舞台となる年代は、先に年表を置いたのではなく、主人公の人生から逆算して決められた。大東が若い頃に密航船で小倉へ着く始まりと、最終的に神室町(新宿)へたどり着く終わり。この2点をまず決め、点と線をつないだ結果、間にある時代が決まったのだという。小倉、呉、大阪、熱海、新宿へと、すべての時間は一本道で進む。過去の時代に戻って何かを取り直すような要素はない。
街は再現ではなく“表現”
街の規模について、横山氏はあえて「龍が如く」と比較するなら、それぞれの面積はこれまでと同じくらいだと見ている。ただし5つの時代と都市でスケール感はまちまちだという。建物の数はかなり増えているが、当時の建物は階数が低く、縦に広がる構造があまりない。だから探索の密度としては「ニアリーイコール」になるという見立てだ。
この街作りを、横山氏はリアルな再現ではなく“表現”だと説明する。当時の写真や新聞、映像を手がかりにしながらも、ゲームとして楽しくなるよう架空の街を構築しているからだ。ストーリー面でも「史実に基づいた話」ではまったくなく、描かれるのは大東 真の身の回りで起こることだけ。そこは明確にゲームオリジナルの架空世界だと言い切っている。
お約束を一度リセットした作り
今作では、サブストーリーやミニミッション、メニュー画面に至るまで、これまでのスタジオ作品のお約束を一度すべてリセットしている。その点も、試遊されたバトルの操作感も含めて、本作が「龍が如く」のスピンオフや外伝ではない“完全新作”だと感じてもらえると思う、と横山氏は語る。
本筋のシリアスさとサブストーリーの笑いのギャップについても、今作では線引きを変えた。どちらかと言えばシリアスな作品として向き合っているという。現代劇であれば、ユーザーはどこまでがシリアスで、どこからがコメディなのかを自然に判断できる。しかし歴史的な時代背景で同じトーンのコメディをやると、当時をよく知らない人が実際の風習のように受け取りかねない。

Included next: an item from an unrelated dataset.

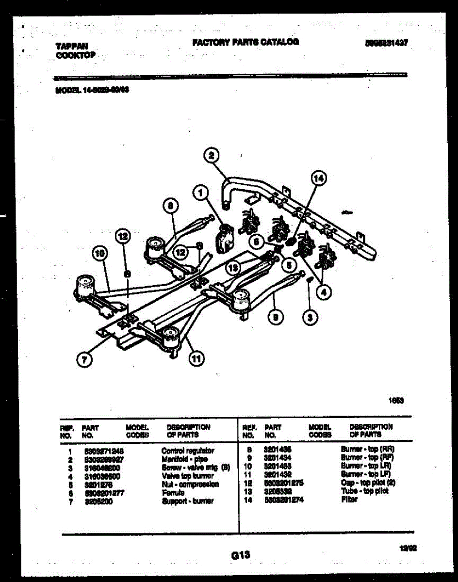 Parts for Frigidaire 14-3028-08-03: 03 - Burner Parts

そこで今作では、笑いを取りにいくというより、その時代が持つ「生々しさ」でユーザーを驚かせたいとしている。もちろんクスッと笑える仕掛けがまったくないわけではない、とも。プレイスポットもあえて少なくし、ある程度は時代的な嘘をつきつつ、当時に即したものを厳選して入れているという。
バトルについては、「難しくしたというより,新しいものにしたというのが正確」と横山氏は語る。完全新作を一から作るにあたって、大東 真という主人公と20世紀前半の世界に合う入力スタイルは何か、というところから考えた。「左右の操作を分ける」というシステムは、何年も前から温めていた企画だという。
時代を越えて持ち越せるものは物によりけりで、綺麗にリセットされるものもある。過去の時代に戻って取り逃したものを回収できないからこそ、横山氏は、メインストーリーを進めるだけでもプレイヤーごとに相当違うゲームプレイになっていくと見ている。イベントシーンや物語の大筋は変わらない。それでも、バトル中の動きや、街の人へ話しかけるときのカメラワーク、UIの作りによって、画面に残るものはプレイヤーごとに変わる。実況プレイでも、配信者ごとに「ゲームの中に映る画」がまったく違うものになるようにしたいというコンセプトがあった。